Cancer cell plasticity is regulated extracellularly, by signals coming from the microenvironment, and intrinsically, through signaling pathways, transcriptional programs, and chromatin remodeling. TFGβ and RAS-MAPK pathways can act jointly to induce EMT. CD44 and Wnt regulate stemness, while Notch, JAK-STAT and integrins act on stemness and EMT in a context-dependent manner. Hypoxia induces stemness, while NF-κB is involved in plasticity by its role in inflammation. These pathways activate transcriptional programs regulated by key transcription factors involved in EMT (e.g., SNAI1/2, ZEB1/2, TWIST1/2) and stemness (e.g., SOX2, KLF4). Their action can be modulated by negative feedback loops involving miRNAs (e.g., ZEB/miR-200 and SNAI1/- miR-34) and depends on the chromatin landscape. LSD1 can remove the transcriptionally active H3K4me3 histone mark and collaborate with Snai1 to silence epithelial genes. Nsd2 and Kdm2a exhibit antagonist actions, as writer and eraser of H3K36me2, histone mark increased during EMT. PRC2 and KMT2-COMPASS are critical to regulate the epithelial state. CAF, cancer-associated fibroblast; ECM: extracellular matrix; FZD, frizzled; HIF, Hypoxia-inducible factor; IL6R, interleukin-6 receptor; TAM, tumor-associated macrophage; TGFBR, Transforming Growth Factor Receptor; TRK, Tyrosine receptor kinase.

Figure 5. Genetic induced drug resistance and non-genetic drug tolerance in anti-cancer therapy.

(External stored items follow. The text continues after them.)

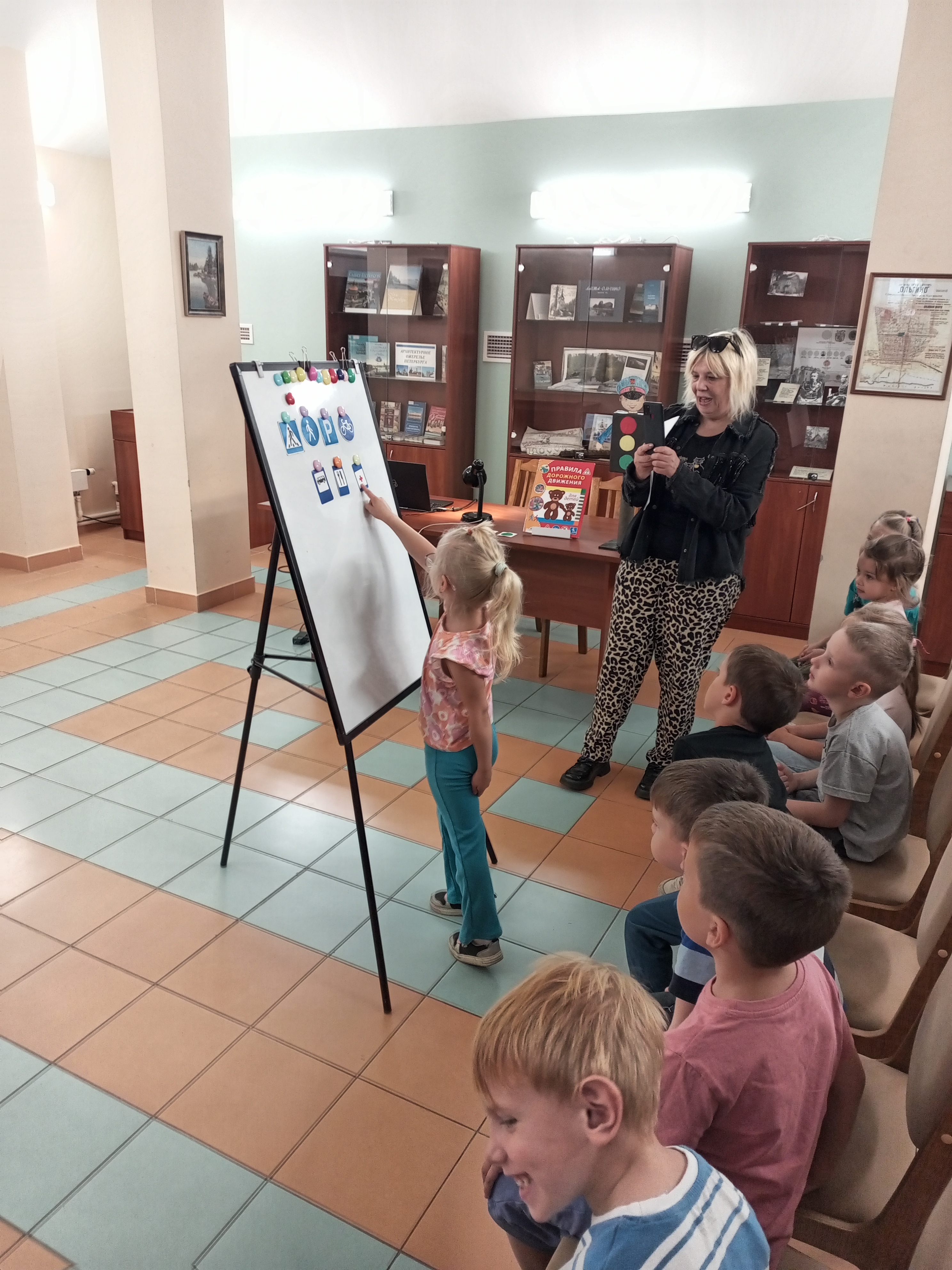 По дороге малыши повторили основные правила дорожной безопасности, а также познакомились с названиями улиц, по которым добирались до библиотеки.
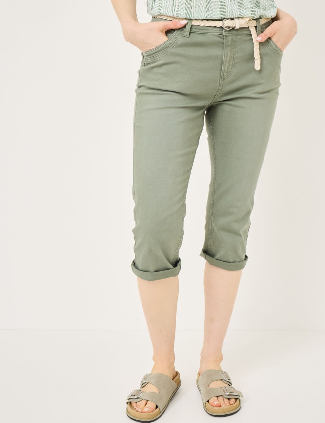 Pantaloni capri a 5 tasche con cintura intrecciata
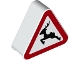 Duplo, Brick 1 x 3 x 2 Triangle Road Sign with Red Border and Black Leaping Deer Pattern |
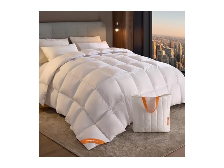 - (1) SONGMICS HOME Down Comforter, Soft Down Duvet, King Size Duvet Insert, Feather Comforter with Corner Loops, 65 oz Filling, for All Seasons, Winter, Hotel, 106 x 90 Inches, Cloud White
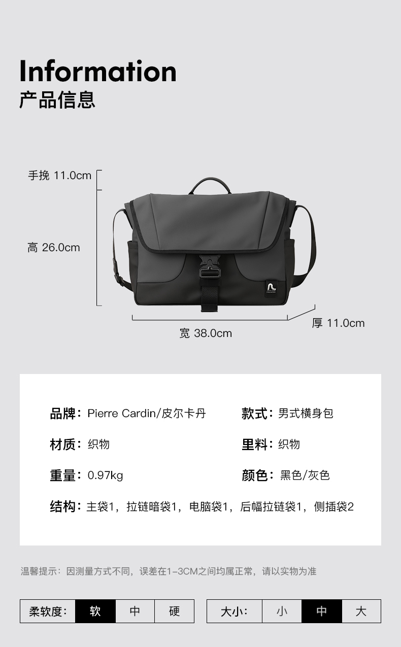 皮尔卡丹collide系列 多功能休闲斜挎包男士单肩包
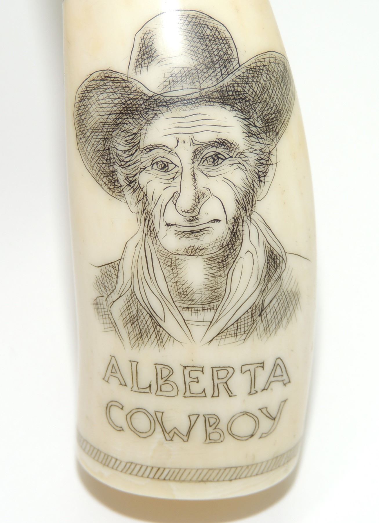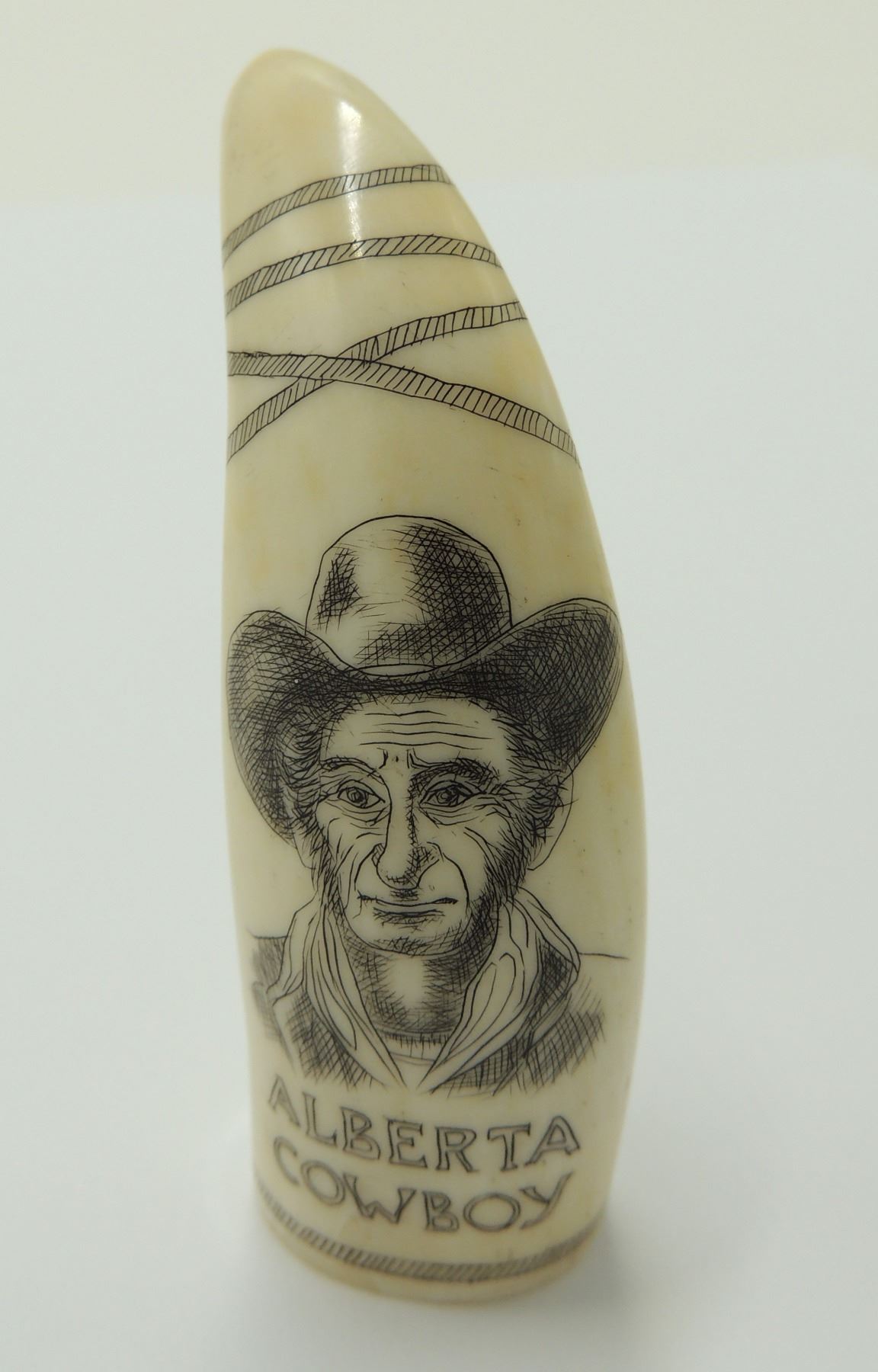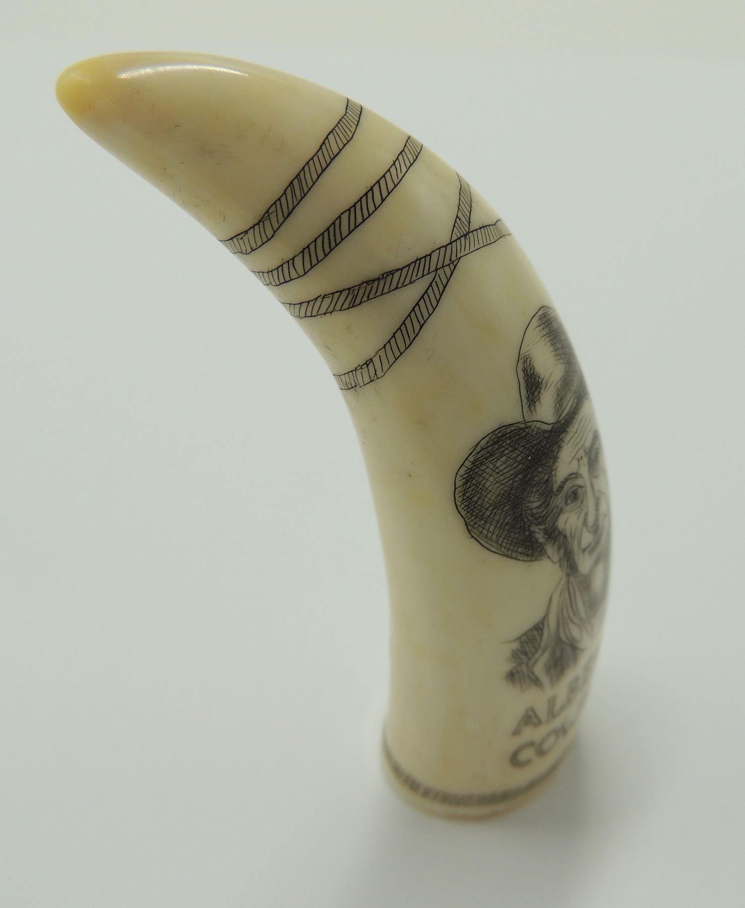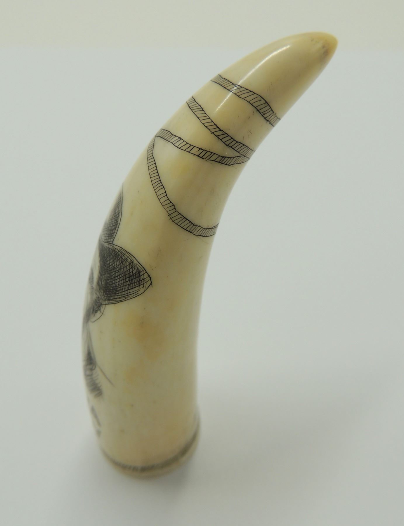 BONE IVORY WHALES TOOTH SIGNED BY FRANK POLANSKY 1990 ON REVERSE WITH CARD

Pre-existing (A) or acquired (B) mutations can confer intrinsic genetic drug resistance, by which mutated tumor cells can display a clonal selection, survive, and proliferate under a particular therapeutic regimen. (C) Non-genetic drug tolerance can occur through transcriptional selection of primed cells that acquire a DTP dormant state during therapy and can lead to tumor relapse after therapy. (D) Non-genetic drug tolerance can occur through an adaptation to the therapeutic pressure, by which plastic tumor cells acquire a DTP quiescent state following therapy and can lead to tumor relapse after therapy. (E) Targeting the signaling pathways activated in the DTP state enables its eradication. The DTP state induced upon BRAFi/MEKi treatment in melanoma relies on FAK signaling and the transcriptional program of this state is largely driven by the nuclear receptor RXR. Consistently, the DTP state can be targeted by FAK inhibition and RXR antagonism. However, de novo mutations could still lead to genetic resistance and tumor relapse^,. DTP, drug tolerant persister; RAR, retinoic acid receptor; RXR, retinoid X receptor; SC, stem cell.